No Flamengo ou noutro clube qualquer, a dimensão da tragédia está muito mais nos jovens vitimados do que nas proporções do acontecido. Os vitimados e outros que ainda estão com graves sequelas, não foram apenas pessoas alcançadas pela feição mais cruel das linhas do destino. Aqueles meninos corriam atrás de um sonho. Correndo atrás de uma bola, também estavam correndo atrás da concretização de seus sonhos. Alguns partiram de longe, de regiões distantes, vencendo imensas dificuldades, em busca desse sonho.
Atrás do menino e seu sonho, algumas famílias chegam a se mudar, levando na mala as esperanças do mundo, para as proximidades do clube. Quer dizer, praticamente abdicam de tudo nos seus lugares de origem, para estar ao lado e tentando alavancar ainda mais o sonho do seu. Na esperança que o menino seja realmente aproveitado, mais tarde comece a ter oportunidades, até se firmar como atleta, está também o sonho de toda a família. E agora, qual sonho sonhar quando somente a dor se mostrou possível?
Como é difícil entender esse sonho não realizado. Como é difícil saber que esse sonho não poderá mais ser realizado. Como é difícil compreender que os sonhos meninos, os sonhos de criança, também podem morrer assim. Sonhos que nascem cedo demais. Primeiro a bola de rua, a bola de meia, a brincadeira infantil de jogar bola. Depois o gostar de futebol, a maestria no passe e no drible, o senso de defensor e de artilheiro. E sempre aparece alguém para dizer que aquele nasceu para ser craque de futebol. Então isso vai se interiorizando na criança. A vontade maior passa a ser a de jogar num grande clube.

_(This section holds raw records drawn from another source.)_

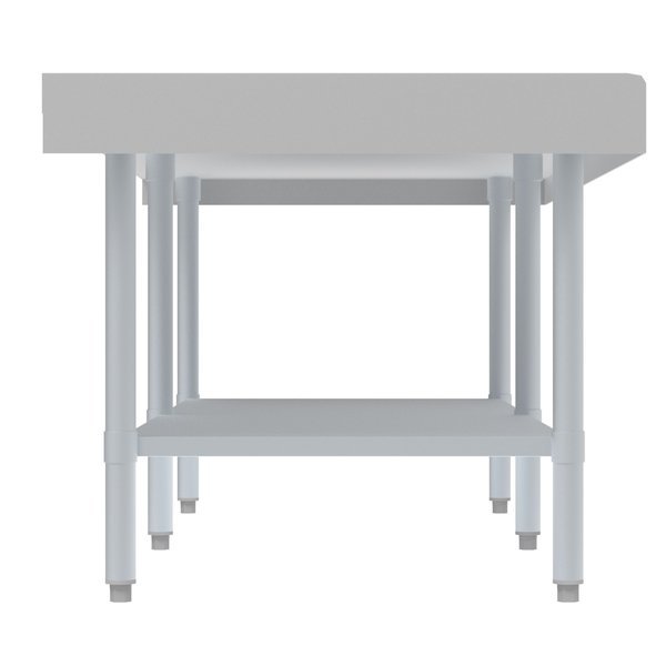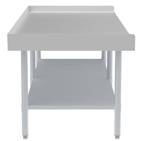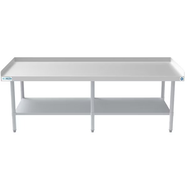 The KooMore equipment stand is built with 16 gauge heavy duty stainless steel it is durable and sturdy and has a weight capacity of 950 Lbs. It can accommodate all types of commercial equipment from griddles to ice machines, charbroilers beverage dispensers, slushy machines, Espresso machines, and even a tabletop pizza oven. The galvanized steel undershelf has a weight capacity of 680 Lbs. and is extremely useful for keeping supplies or ingredients at arm’s reach, it is also adjustable so that you can raise or lower it depending or your particular needs.NSF certification means this table can safely be used in all types of commercial kitchens. Adjustable bullet feet ensure the best possible stability for your valuable equipment. The 2-inch edging will protect your equipment and supplies from slipping off the table, the stainless steel look is super sleek and easy to clean. Overall dimensions 72”L x 30”W x 24
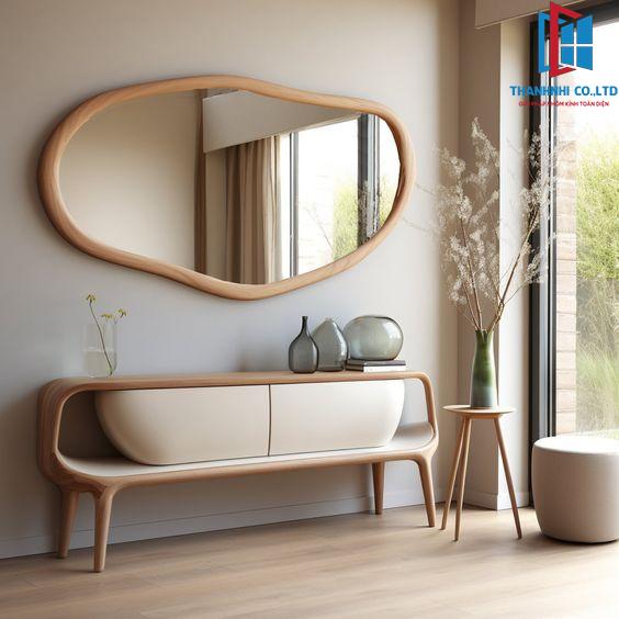 - Gương mang đến sự hiện đại và tinh tế cũng như là món nội thất góp phần làm tăng độ sáng cho căn phòng.
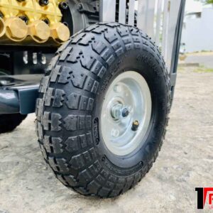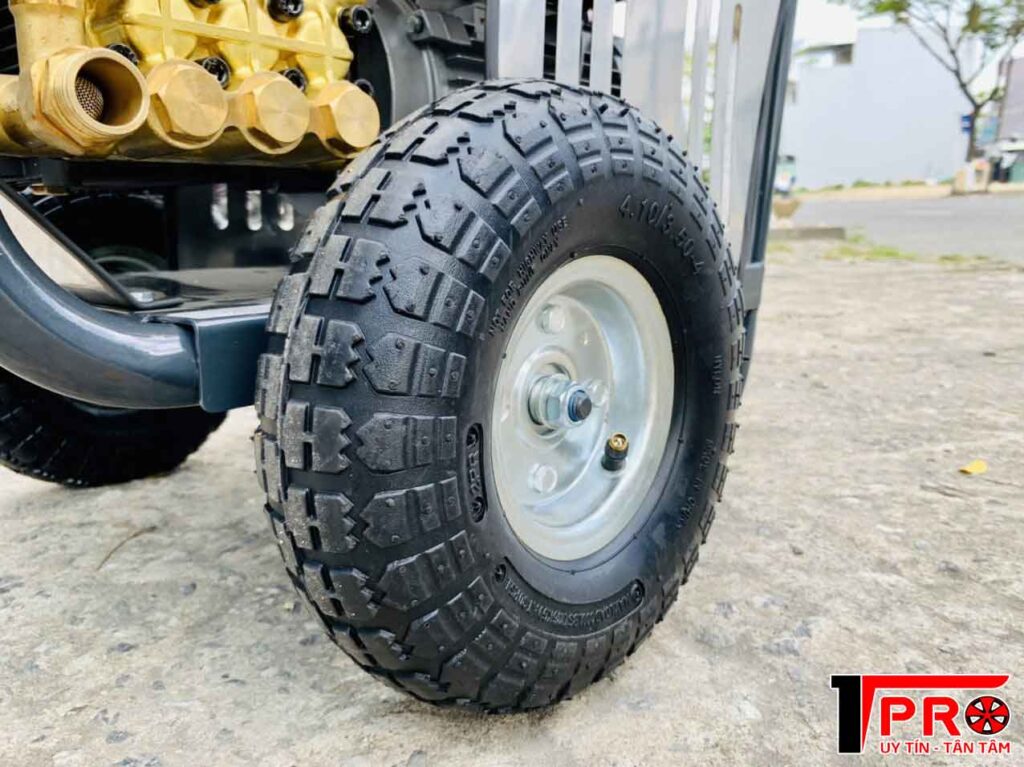 - Thiết kế có bánh xe bơm hơi, vành đúc bền.
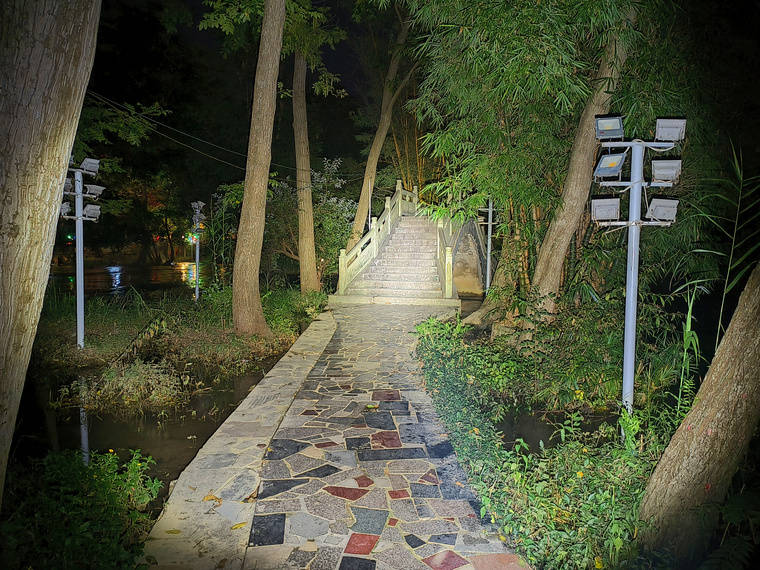 下图为高亮状态光斑情况,可以看得出中心点亮度比较高。M37 PRO配置CREE XHP50.3 HILED,最大输出3700流明,另外还有450流明 和30流明档位。 其中3700流明可以运行2.2小时,450流明可以运行5.6小时,30流明可以运行 66小时。受温控保护功能影响,电筒在开启高亮档后会启用自降档功能。后面的夜射图仅仅对3700流明做了简单测试。由图片可以看出M37 PRO属于一款聚泛皆可的战术手电。
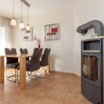 Der große Esstisch bietet ausreichend Platz für alle Familienmitglieder. Hier können Sie sich die gemeinsamen Mahlzeiten in geselliger Runde schmecken lassen oder lustige Spielabende verbringen.
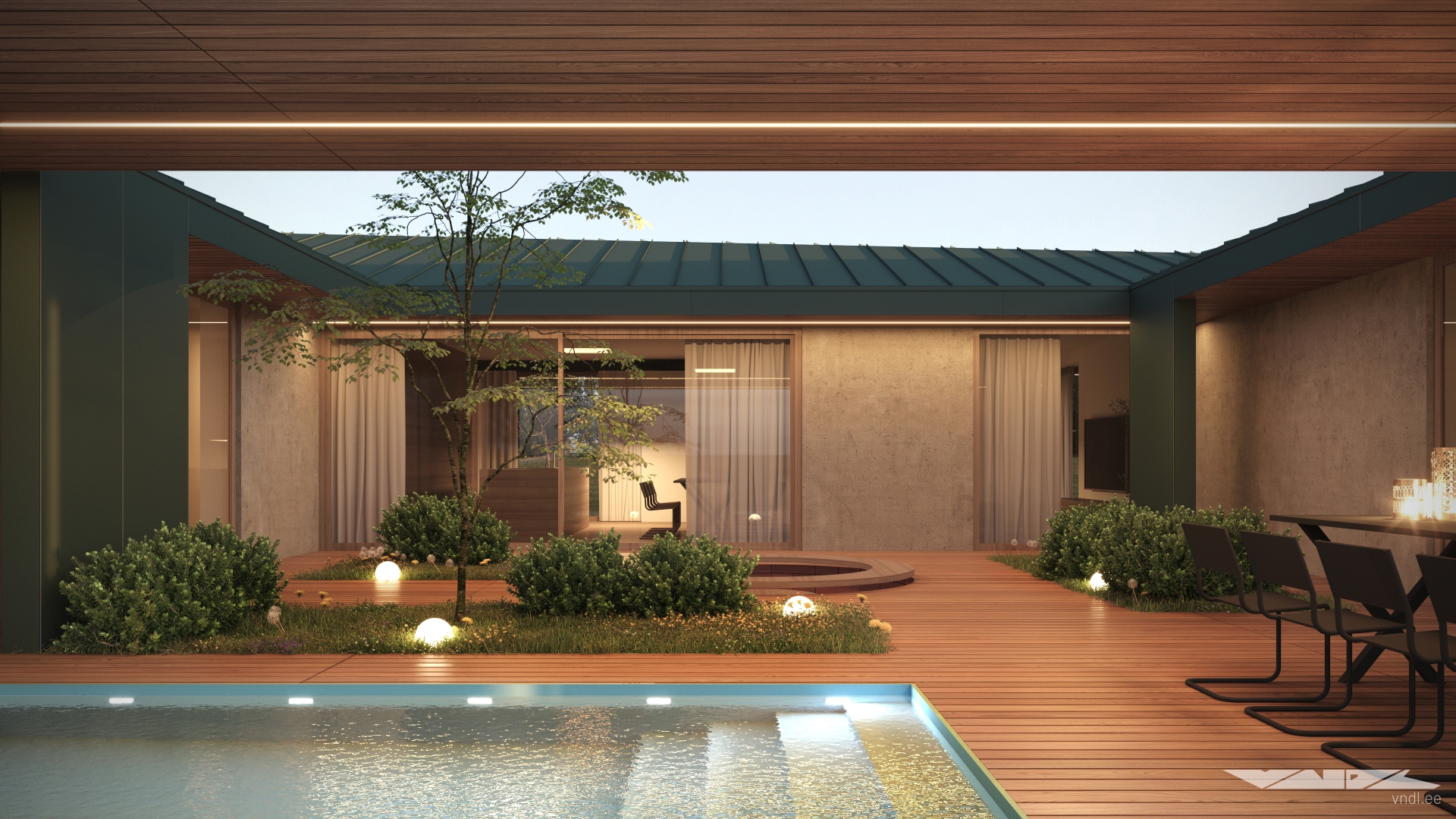 The street-facing facade is both representative and private. Parking is available under a carport or in the garage. The northern part of the U-shaped floor plan contains the main entrance, a spacious wardrobe, a garage with a utility room, and a sauna complex, which also opens to the courtyard terrace. In the center of the building, an elongated living room is designed, with an open kitchen and dining area. Moving through the living room, one reaches the more private part of the house with 3 bedrooms, bathroom and a home office. In the center of the courtyard, which is open to the evening sun, there is a fire pit with a circular bench and an outdoor pool. The terrace can be closed with sliding glass panels.
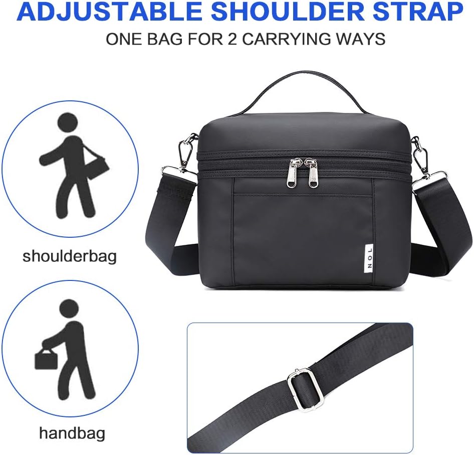 - Small Size: This SMALL lunch bag dimensions: 8.3IN x 5.5IN x 6.7IN, which can hold ONE PERSON'S meal. Capacity: 4L. You can put a lunch box, some snacks, some fruits, a flatware set and an ice pack or fit 7 cans of 330ml drinks in this black lunch bag. The NOL lunch bag features a soft handle for easy placement in a backpack or large tote and offers two carrying options: top handle or cross-body with a detachable and adjustable long shoulder strap. Please don't put ice cubes in lunch bag.
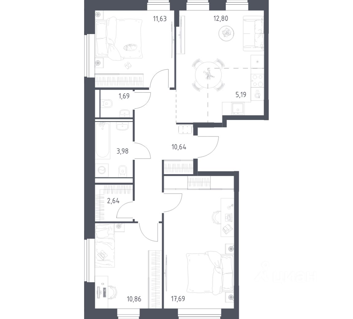 Строим кварталы для жизни с заботой о будущем. Предлагается 3-комнатная квартира комфорт-класса площадью 77,12 кв.м в корпусе 1 на 7-м этаже, в жилом комплексе ''Квартал Домашний''.
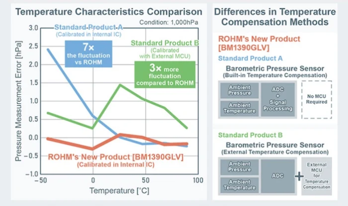 根據(jù) ROHM 的說法,BM1390GLV 采用專有的溫度補償算法來最大限度地減少溫度引起的誤差。
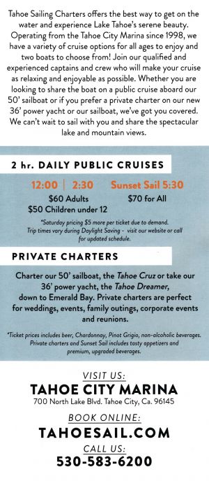 Sail on Lake Tahoe with us on skippered sailing cruises touring the North Shore. Enjoy hands on sailing or just sit back and relax. Sailing Daily from the Tahoe City Marina.
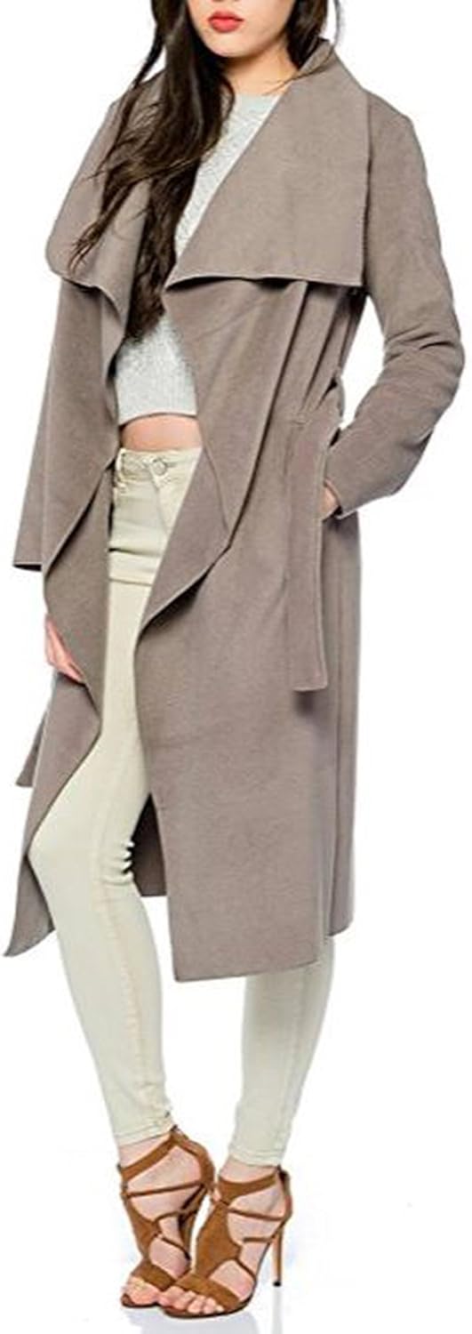Xxie Damen Mantel Winter Lang Cardigan Trenchcoat Open Front Mit Gurtel Langarm Parka Jacke Fsnf Org
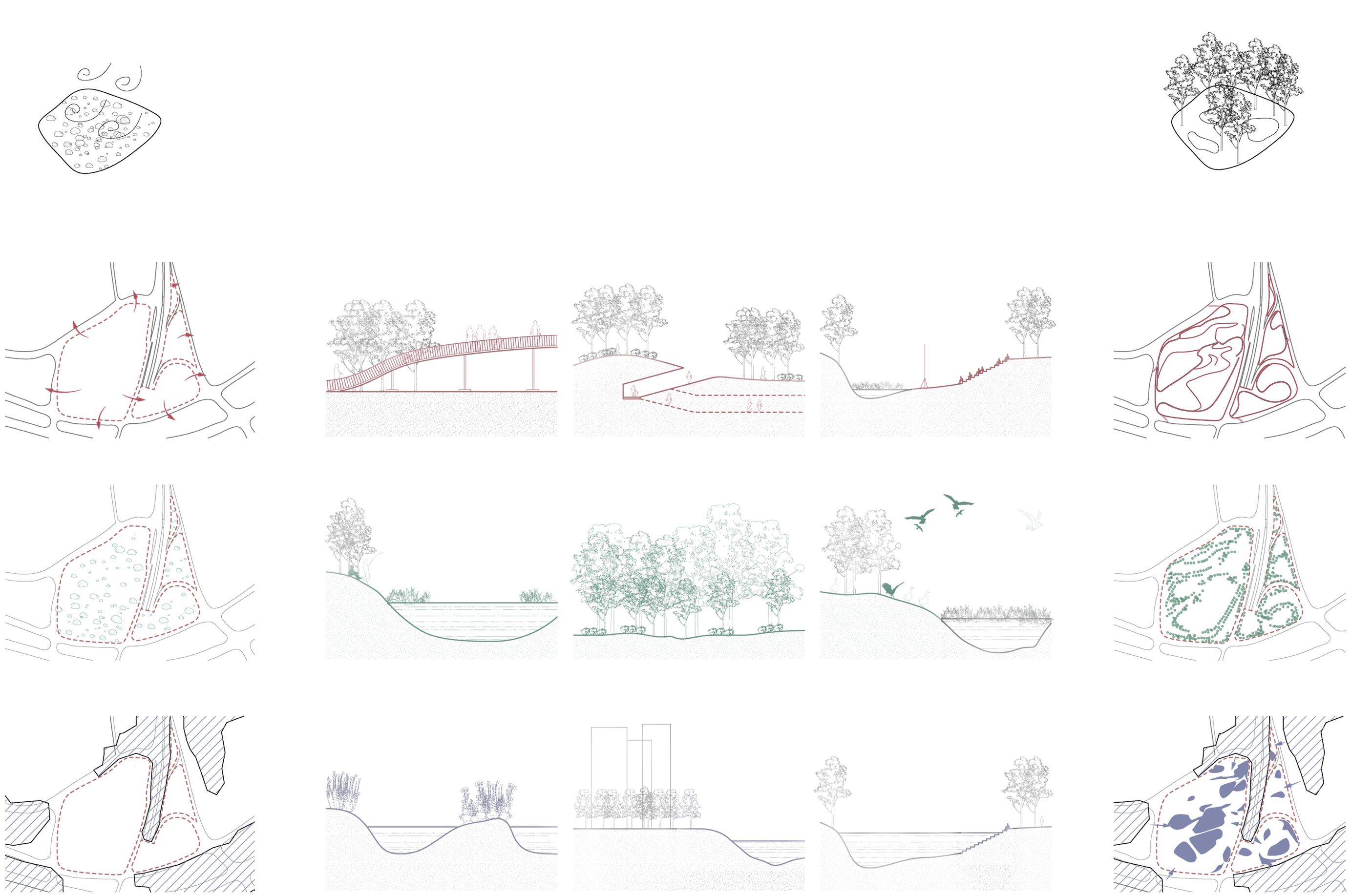 For my site, a long section of the lower reaches of the Jialing River, I designed a multi-layered fish-eye pond system along the river with reference to the replicability and modularity of the use of the base pond system, which can be used to expose different areas of land for human activities with the rise and fall of the water level, as well as configuring slope stabilisation and restoration plants based on the characteristics of the different water levels of inundation, and according to the tolerance of the water level and the seasonal habit of growth.
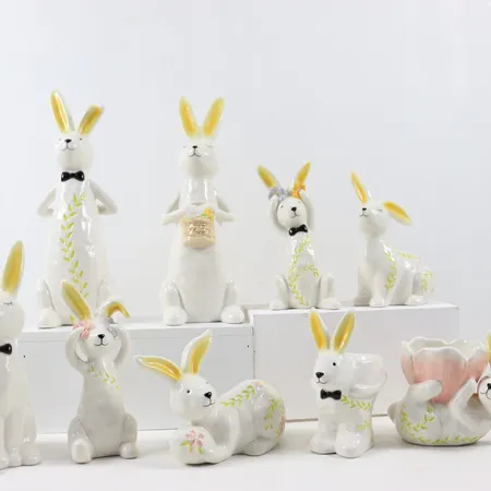 A set of interesting Easter bunny ceramic ornaments, is a suitable for creating Easter festive atmosphere of ceramic ornaments
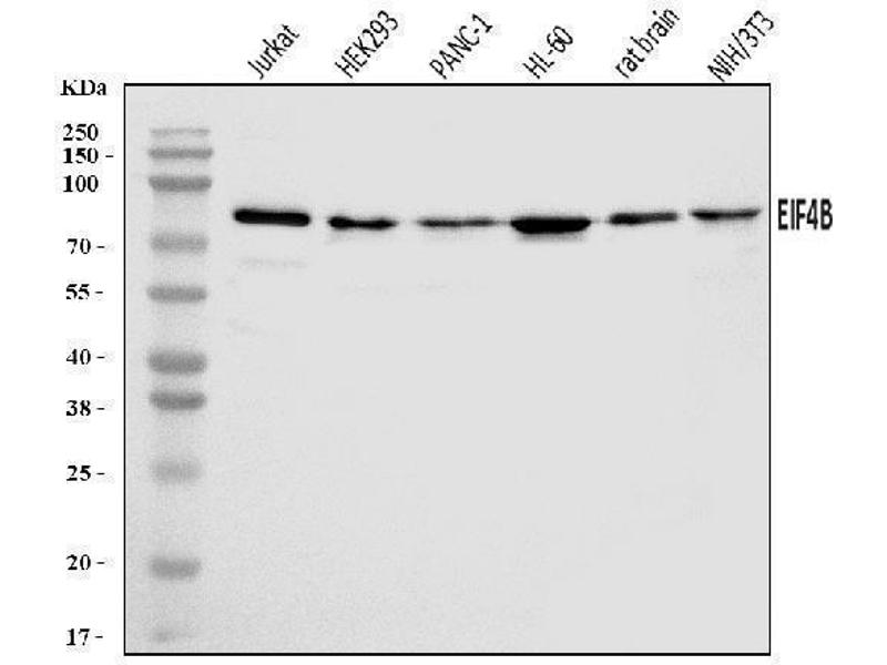 - Anti-EIF4B Antibody (ABIN7599496). Tested in ELISA, Flow Cytometry, IHC, WB applications. This antibody reacts with Human, Mouse, Rat. This is a premium antibody that guarantees superior quality, high affinity, and strong signals with minimal background in Western blot applications.
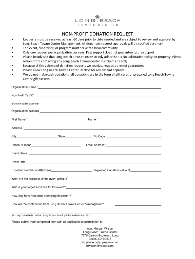 This document facilitates requests for donations from non-profit organizations, specifying requirements for submission, review, and acceptance by Long Beach Towne Center Management.
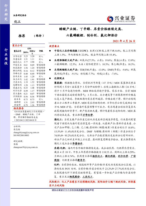 【兴业证券】【20210426】20210426-兴业证券-化工行业周报:醋酸产业链、丁辛醇、尿素价格继续走高,六氟磷酸锂、制冷剂、氯化钾涨价-40页
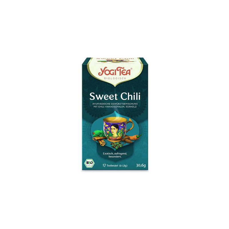 Yogi Tea Bio Sweet Chilli is an Ayurvedic herbal and spice blend with chilli, cacao nibs and licorice. Sweet, spicy, aromatic tea embraces the joy of life and brings positive energy .
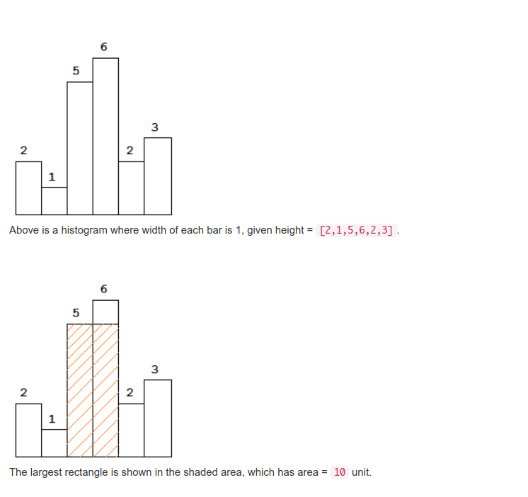 方案二(Solution 2): 维护一个单调栈,用来保存递增序列,相当于上面那种方法的找局部峰值。我们可以看到,直方图矩形面积要最大的话,需要尽可能的使得连续的矩形多,并且最低一块的高度要高。有点像木桶原理一样,总是最低的那块板子决定桶的装水量。
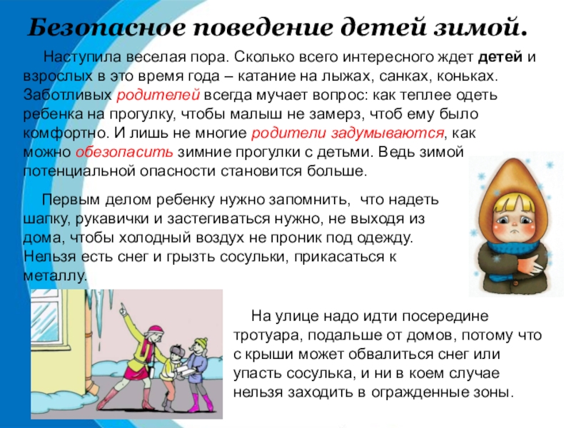 На улице надо идти посередине тротуара, подальше от домов, потому что с крыши может обвалиться снег или упасть сосулька, и ни в коем случае нельзя заходить в огражденные зоны.
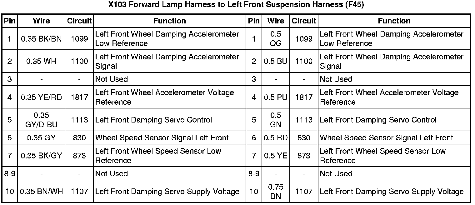 X103 Forward Lamp Harness to Left Front Suspension Harness (F45)

Quantos craques assim não estão espalhados pelos rincões distantes, nas várzeas, nos campos de chão e nos gramados ressequidos? Quantos meninos bons de bola não estão esperando somente a chance de serem avistados nos seus talentos? Milhares, milhões de pequenos craques, mas somente alguns são realmente avistados. E destes alguns, apenas um número reduzido terá oportunidade de mostrar sua maestria no trato com a bola. Como dizem na gíria futebolística, vão passando por uma peneira até frutificarem em sonhos e esperanças. E aqueles meninos do Flamengo haviam passado por todo esse processo. E agora, quando as portas já estavam sendo abertas, eis que o fogo interrompe o sonhar.
Sem dúvidas, uma dor imensa para uma tristeza diferente. A mesma comoção havida quando do mortífero lamaçal escorrendo de Brumadinho, entretanto, com um senso de tristeza diferenciado. A lama matou crianças, jovens, adultos e velhos. Mas o fogo não matou apenas meninos, mas principalmente seus sonhos. Todos estavam ali pelo sonho, todos viviam em sonhos, todos desejavam tornar realidade seus sonhos. Esperavam acordar e correr atrás de uma bola. Esperavam acordar e mostrar que eram capazes de vencer. Mas sequer levantaram dos sonhos sonhados. Foram levados pelas chamas, adormeceram de vez as esperanças.